Разбитые маски - Малышева Анна Витальевна - Страница 66
- Предыдущая
- 66/78
- Следующая
– Я не сплю, – быстро откликнулся тонкий тихий голос.
Ольга наугад нашла диванчик, вчера из-за поминок его передвинули в самый угол. Девочка сидела подложив под спину подушку и зябко обхватив себя за локти. Ольга осторожно присела на край дивана. «Значит, это мне не приснилось с похмелья. Да и много ли я выпила? От силы рюмку-другую. Таня в самом деле живет у меня».
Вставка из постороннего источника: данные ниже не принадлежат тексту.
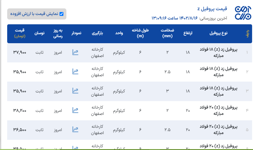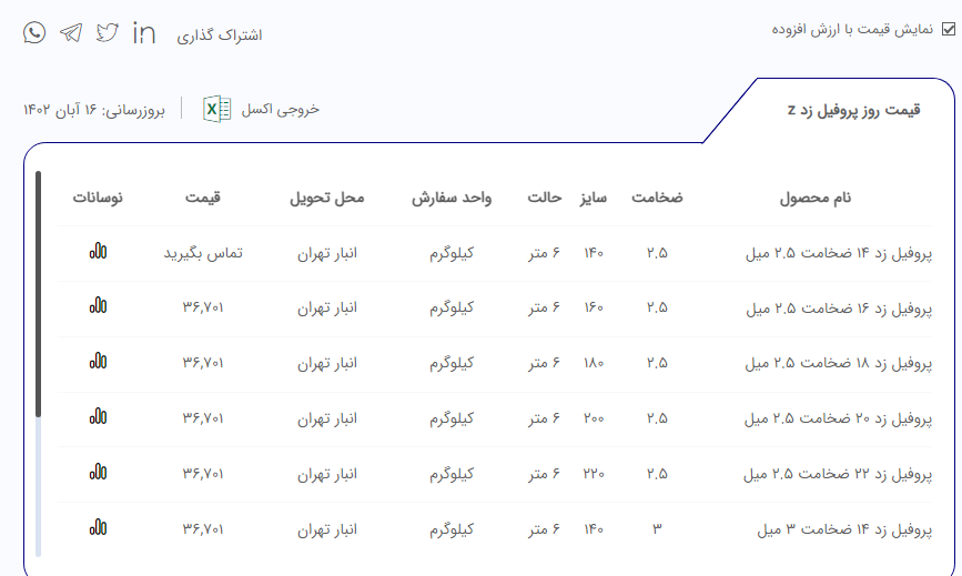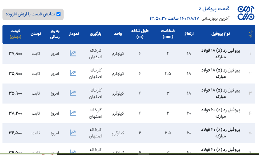 📋لیست قیمت #پروفیلZ بروزرسانی شد. 🗓 دوشنبه 15 آبان ۱۴۰۲ ⬜️پروفیل Z ضخامت ۲.۵ میل ⬛️سایز ۱۸ / قیمت: 36500 ⬛️سایز ۲۰ / قیمت: 36700 ⬛️سایز ۲۲ / قیمت: 36200 ⬜️پروفیل Z ضخامت 3 میل ⬛️سایز ۱۸ / قیمت: 36700 ⬛️سایز ۲۰ / قیمت: 36700 ⬛️سایز ۲۲ / قیمت: 36500 📊 مشاهده لیست کامل قیمت #پروفیلZ کارخانه تهران 🔗https://ahanbazar.com/product-category/profile/z-profile/ 🔶 Website: www.ahanbazar.com 🔷 Telegram : @ahanbaazar 🔴 instagram : https://instagram.com/ahanbazar ☎️ تلفن : 021 - 55445622 021 - 55445623 🔶 تهران - اتوبان آزادگان - بازار آهن مکان - خ ششم غربی - پلاک 1622 📉📈 به علت نوسانات قیمت در بازارآهن، در صورت اقدام به خرید, گرفتن تأییدیه قیمت از دفتر فروش #آهن_بازار الزامی میباشد.
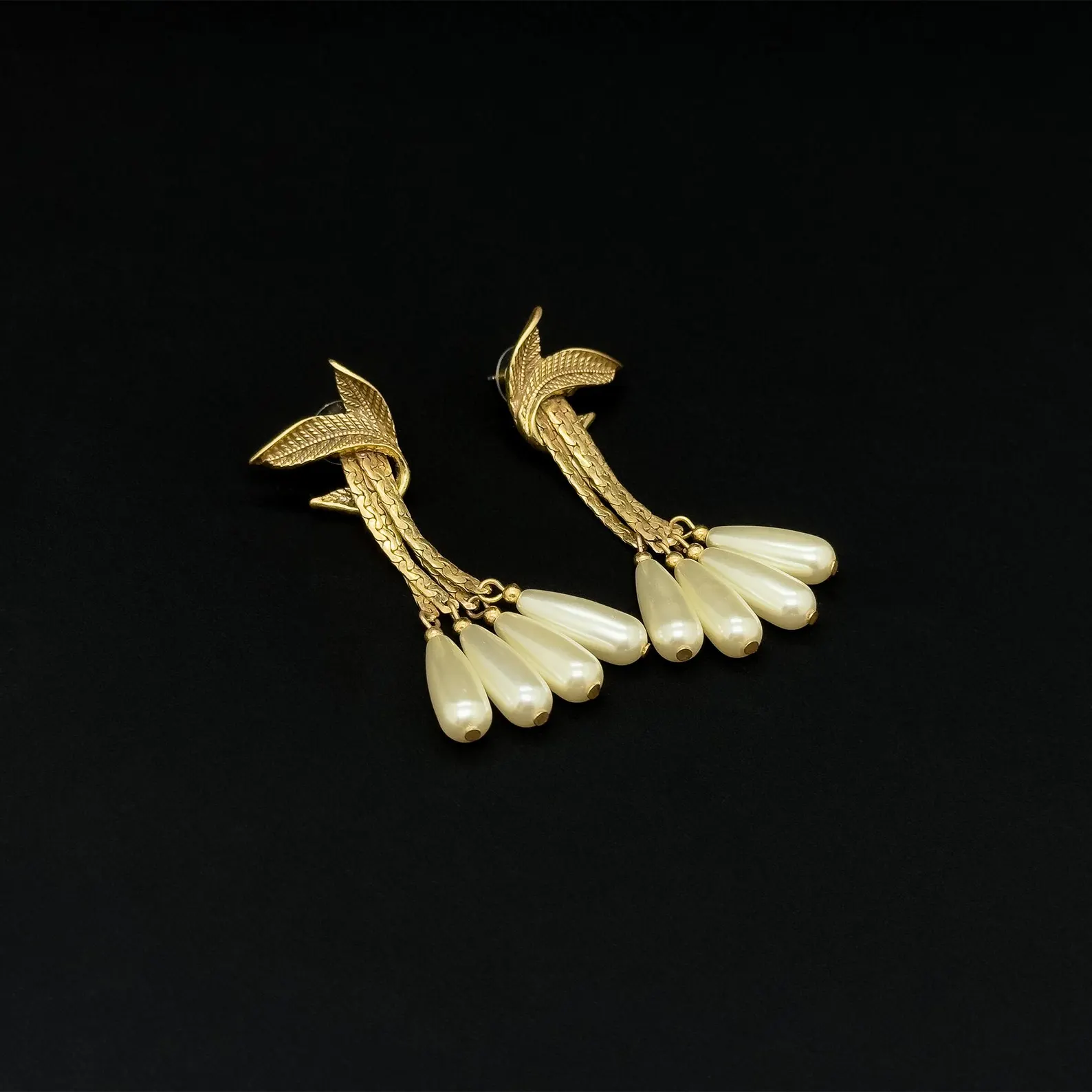 Vintage Leaf Fringe Brooch & Earring Set

– Дядя Илья так стонет, – сострадательно сказала девочка. – У него что-то болит, наверное. Или он хочет пить.
– Скорее отлежал себе руку, – шепотом ответила Ольга. – Послушай, мы с тобой никогда не дружили, да и неудивительно… Как ты на такое решилась?
– Прийти к вам? – Та вздохнула. – Нужно было где-то пересидеть. У нас дома просто невыносимо, после всего, что случилось… Я смотрю ей в глаза и вижу, что она врет!
– Ты в самом деле давала какие-то показания? – недоверчиво спросила женщина. – Неужели ты всерьез предполагаешь, что твоя мама сама себя обокрала?
Девочка подтвердила, что иначе и быть не могло. В ее голосе вновь прозвучали какие-то маниакальные, упрямые нотки. Ольга поняла: этой темы нельзя касаться – все равно Таня будет стоять на своем.
– Если бы вы знали, как мне за нее стыдно, – неожиданно горячо заговорила девочка, подавшись вперед и сложив на груди руки. В этот миг, в дождливых утренних сумерках, в молитвенной позе, с распущенными волосами, она походила на изображение какой-то юной средневековой мученицы. – Мне всегда, всегда было за нее стыдно! Она всех ненавидит, даже меня!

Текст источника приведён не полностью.